Why Does This Keep Happening?

According to its own latest investor report, 95% of all HDFC Bank's transactions are conducted through internet or mobile channels. Total number of credit cards and debit cards it has issued are 14.9 million and 33.8 million respectively. 

As per the National Payments Corporation of India data, HDFC Bank has a technical failure rate of 0.81%.

That is a staggering number. Although it is inevitable for any digital infrastructure to face issues with increasing numbers of users, it must be commensurate with efforts to adapt and modernise itself.  

An Accenture Report in June 2019 revealed that banks globally spent up to $1trn over the last three years into IT. But, only 19 out of 161 on the list have focused enough on digital strategies to entice customers for a switch.

In June 2020, the RBI set up a ₹500cr ($67.7m) Payment Infrastructure Development Fund to promote digital payments services in rural and remote areas. Although one has to admit that funds dedicated for digital inclusivity can't be put to use for strengthening digital infrastructure, it begs the question, how effective can inclusion be without authentication of the systems?


HDFC Is NOT Alone!

Agreed, it's a bad ship to sail together in, SBI also developed discrepancies on its YONO app due to "system outage". This is a bank which facilitates around 3,85,675 transactions per day and has ambitious plans to double its customer-base by March 2021. 

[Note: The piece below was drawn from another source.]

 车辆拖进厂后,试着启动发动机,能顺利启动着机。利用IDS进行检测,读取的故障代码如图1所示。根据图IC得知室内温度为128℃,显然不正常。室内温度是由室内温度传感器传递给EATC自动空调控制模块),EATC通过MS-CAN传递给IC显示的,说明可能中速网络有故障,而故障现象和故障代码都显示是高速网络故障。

Also, not to impugn the esteemed steward-in-charge, but the RBI isn't immune to the problem of "technical glitch" either. In February 2020, RTGS and NEFT transactions were halted for almost 12 hours due to issues encountered by Indian Financial Technology & Allied Services (IFTAS), a subsidiary of the RBI.



Does This Play in Favour of the New Fintech Entities?

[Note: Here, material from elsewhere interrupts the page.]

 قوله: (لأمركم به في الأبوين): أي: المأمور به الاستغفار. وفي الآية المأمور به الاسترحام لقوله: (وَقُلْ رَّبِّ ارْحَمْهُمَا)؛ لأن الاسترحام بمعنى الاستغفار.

Perhaps a traditional bank's incapabilities indicate changing winds to their shores such as the rightfully expected advent of fintech. One would assume that neobanks or other digital first platforms aren't indisposed to such lacunae... 

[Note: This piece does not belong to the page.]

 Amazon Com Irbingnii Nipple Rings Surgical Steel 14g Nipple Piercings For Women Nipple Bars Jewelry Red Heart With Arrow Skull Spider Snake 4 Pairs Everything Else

Afterall, most new age players, with their slick UI and robust API frameworks are equipped to process high customer requests without being overwhelmed, right?

However, history teaches us the truth is somewhere in the middle. Traditional banks still hold most cards when it comes to actual underwriting (translation: lending), meaning upstart fintechs end up depending on legacy infrastructure of banks, albeit indirectly.

For that matter, it is high time that RBI and other regulators mandate investments in backend technology which needs to be in tandem with the growth of banks, if the onus of money flows is intended to continue on their technologically-challenged shoulders. The bigger you are, the higher compliance you should require!

As the customer bases of banks grow, it is incumbent upon the banks to solidify their existing technological capabilities and retrofit the damaged or imperfect ones. With COVID-induced digital adoption on a high (UPI recently hit at an all-time high of 2.2 billion transactions in November 2020), the reliance on digital banking infrastructure is inescapable and thus calls for integrity.